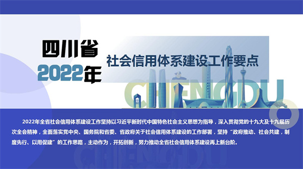 2022年全省社会信用体系建设工作坚持以习近平新时代中国特色社会主义思想为指导,深入贯彻党的十九大及十九届历次全会精神,全面落实党中央、国务院和省委、省政府关于社会信用体系建设的工作部署,坚持“政府推动、社会共建,制度先行、以用促建”的工作思路,主动作为,开拓创新,努力推动全省社会信用体系建设再上新台阶。
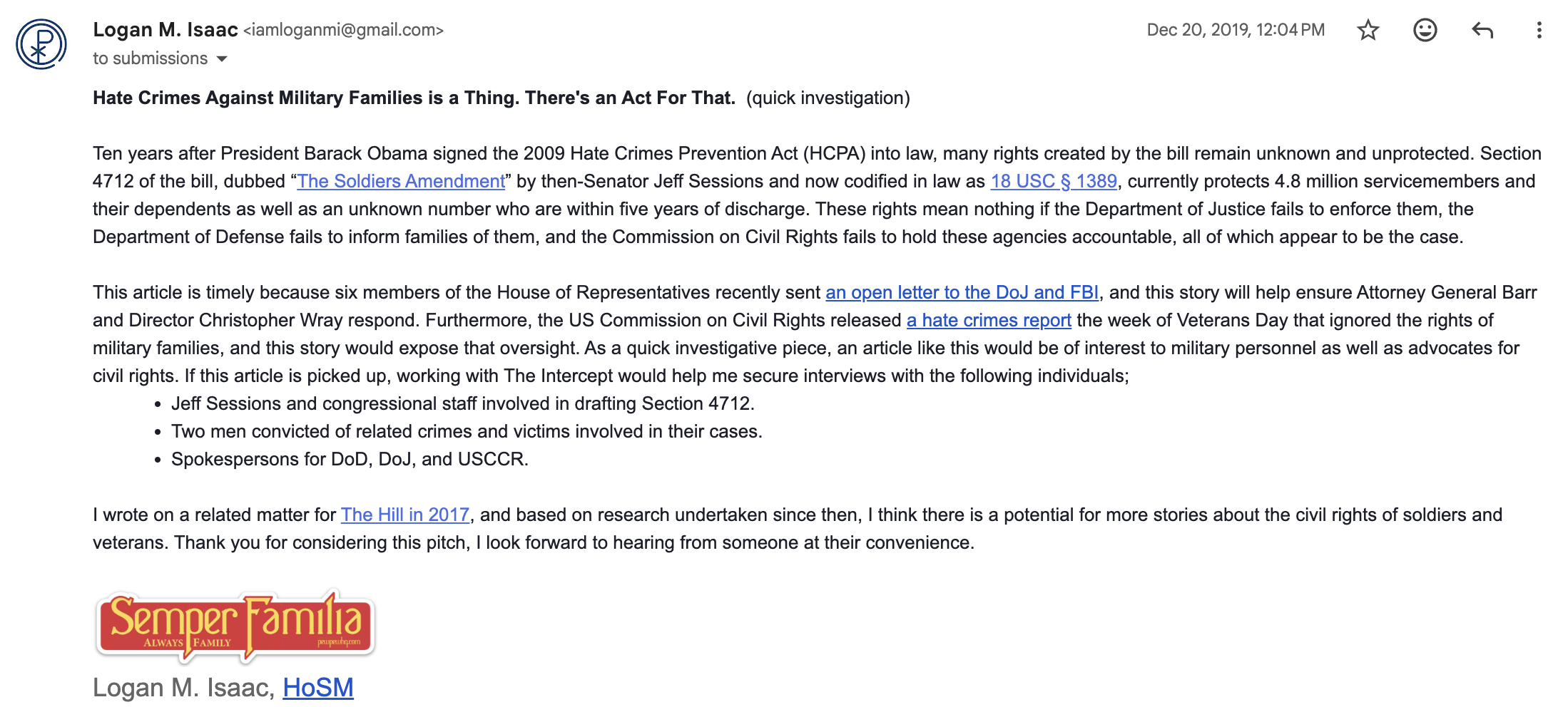 This article is timely because six members of the House of Representatives recently sent an open letter to the DoJ and FBI, and this story will help ensure Attorney General Barr and Director Christopher Wray respond. Furthermore, the US Commission on Civil Rights released a hate crimes report the week of Veterans Day that ignored the rights of military families, and this story would expose that oversight. As a quick investigative piece, an article like this would be of interest to military personnel as well as advocates for civil rights. If this article is picked up, working with The Intercept would help me secure interviews with the following individuals;
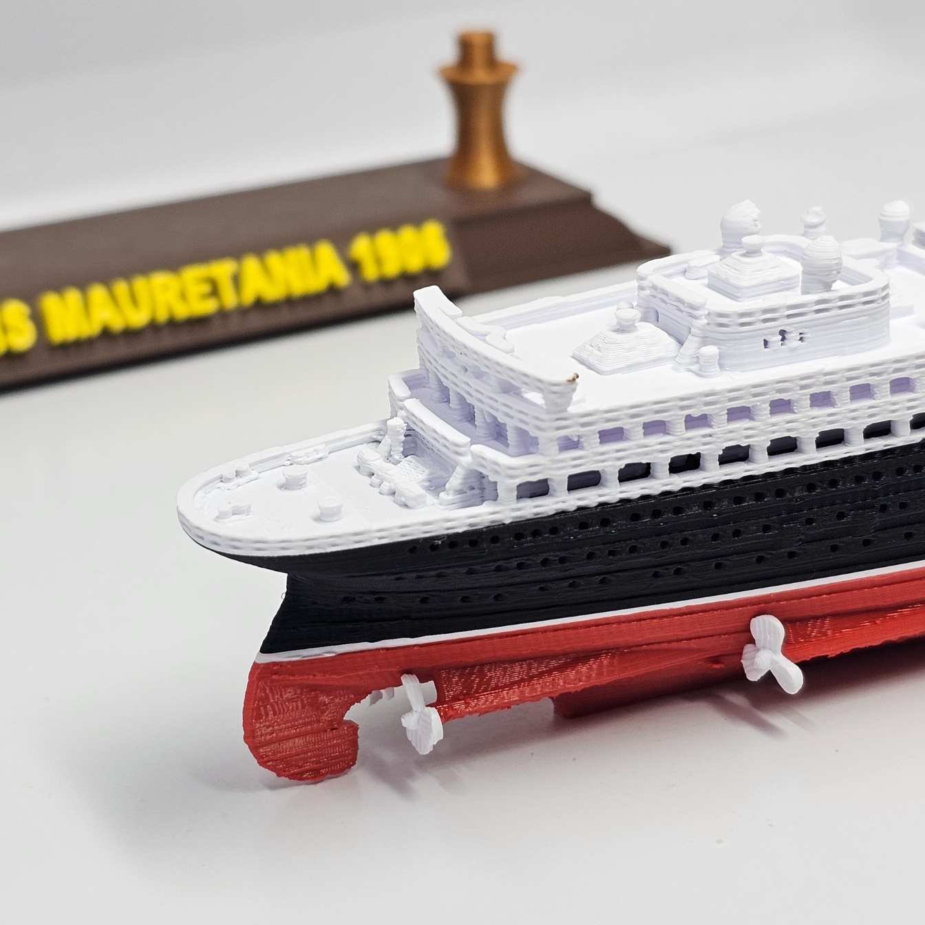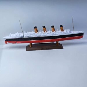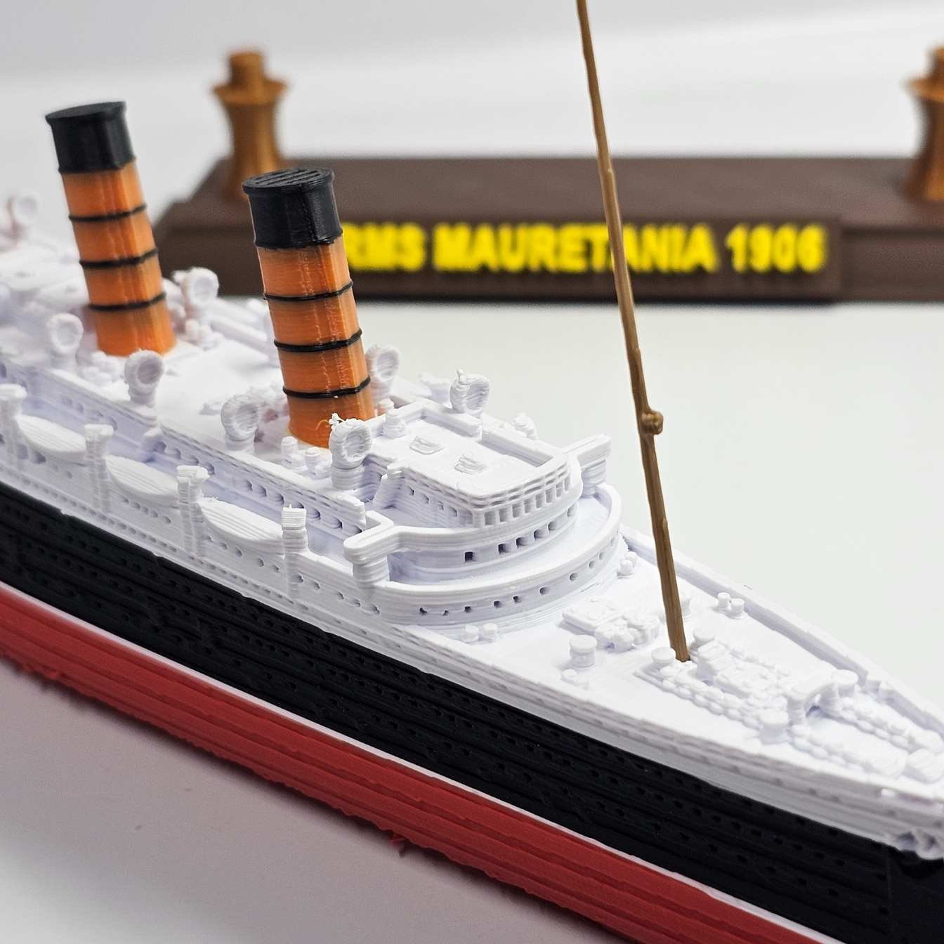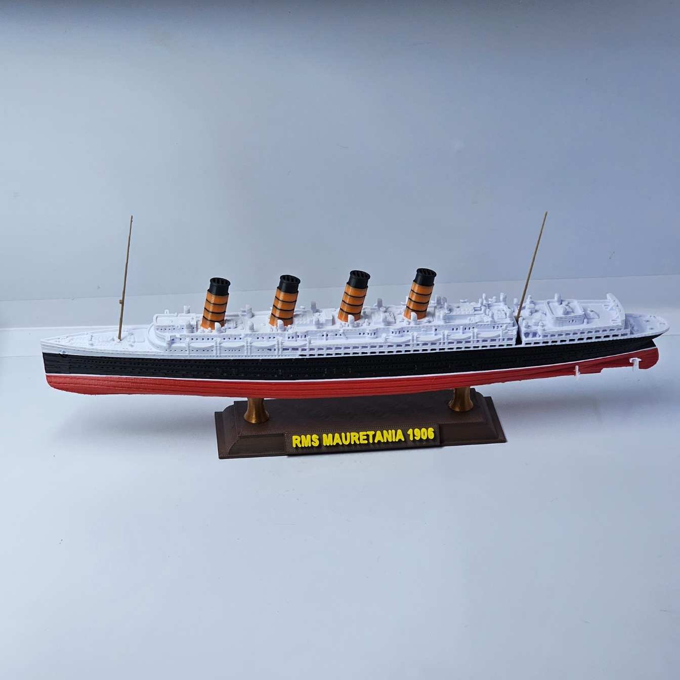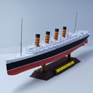 Esta miniatura em escala 1:750, com 32 cm de comprimento, reproduz fielmente a silhueta marcante do Mauretania, destacando o casco negro, a superestrutura branca e as quatro chaminés vermelhas com topos pretos — símbolos de sua imponência.
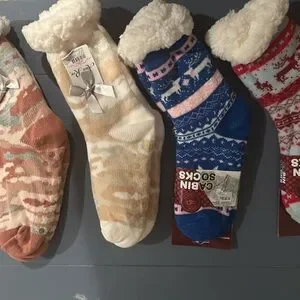 Cozy pink sock booties with grippers and sherpa lining. Perfect for lounging.
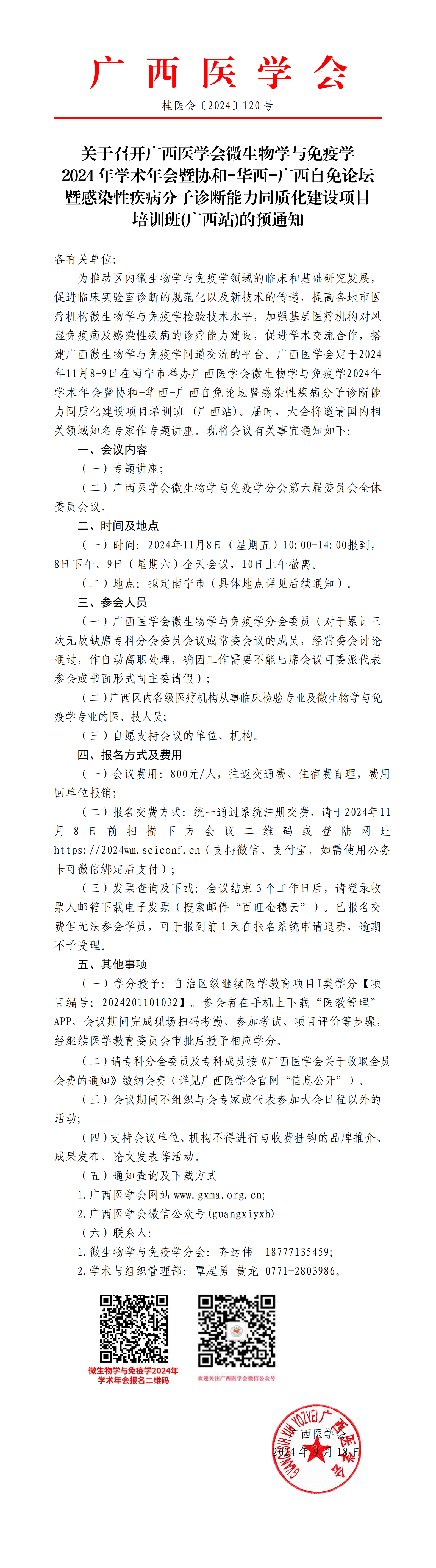 关于召开广西医学会微生物学与免疫学2024年学术年会暨协和-华西-广西自免论坛暨感染性疾病分子诊断能力同质化建设项目培训班(广西站)的预通知
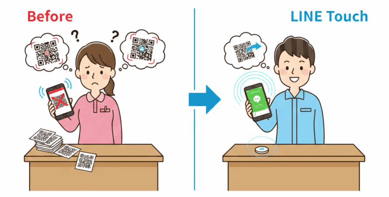 LINEタッチは、物理的な接触を必須とし、不正防止機能を備えているため、「不正利用の根絶」と「QRコード差し替え作業からの解放」を同時に実現できます。

==========

PROBLEM REQUIREMENTS
Please set the records down again exactly as written. The pictures should not be included.

ANSWER
 2022年全省社会信用体系建设工作坚持以习近平新时代中国特色社会主义思想为指导,深入贯彻党的十九大及十九届历次全会精神,全面落实党中央、国务院和省委、省政府关于社会信用体系建设的工作部署,坚持“政府推动、社会共建,制度先行、以用促建”的工作思路,主动作为,开拓创新,努力推动全省社会信用体系建设再上新台阶。
 This article is timely because six members of the House of Representatives recently sent an open letter to the DoJ and FBI, and this story will help ensure Attorney General Barr and Director Christopher Wray respond. Furthermore, the US Commission on Civil Rights released a hate crimes report the week of Veterans Day that ignored the rights of military families, and this story would expose that oversight. As a quick investigative piece, an article like this would be of interest to military personnel as well as advocates for civil rights. If this article is picked up, working with The Intercept would help me secure interviews with the following individuals;
 Esta miniatura em escala 1:750, com 32 cm de comprimento, reproduz fielmente a silhueta marcante do Mauretania, destacando o casco negro, a superestrutura branca e as quatro chaminés vermelhas com topos pretos — símbolos de sua imponência.
 Cozy pink sock booties with grippers and sherpa lining. Perfect for lounging.
 关于召开广西医学会微生物学与免疫学2024年学术年会暨协和-华西-广西自免论坛暨感染性疾病分子诊断能力同质化建设项目培训班(广西站)的预通知
 LINEタッチは、物理的な接触を必須とし、不正防止機能を備えているため、「不正利用の根絶」と「QRコード差し替え作業からの解放」を同時に実現できます。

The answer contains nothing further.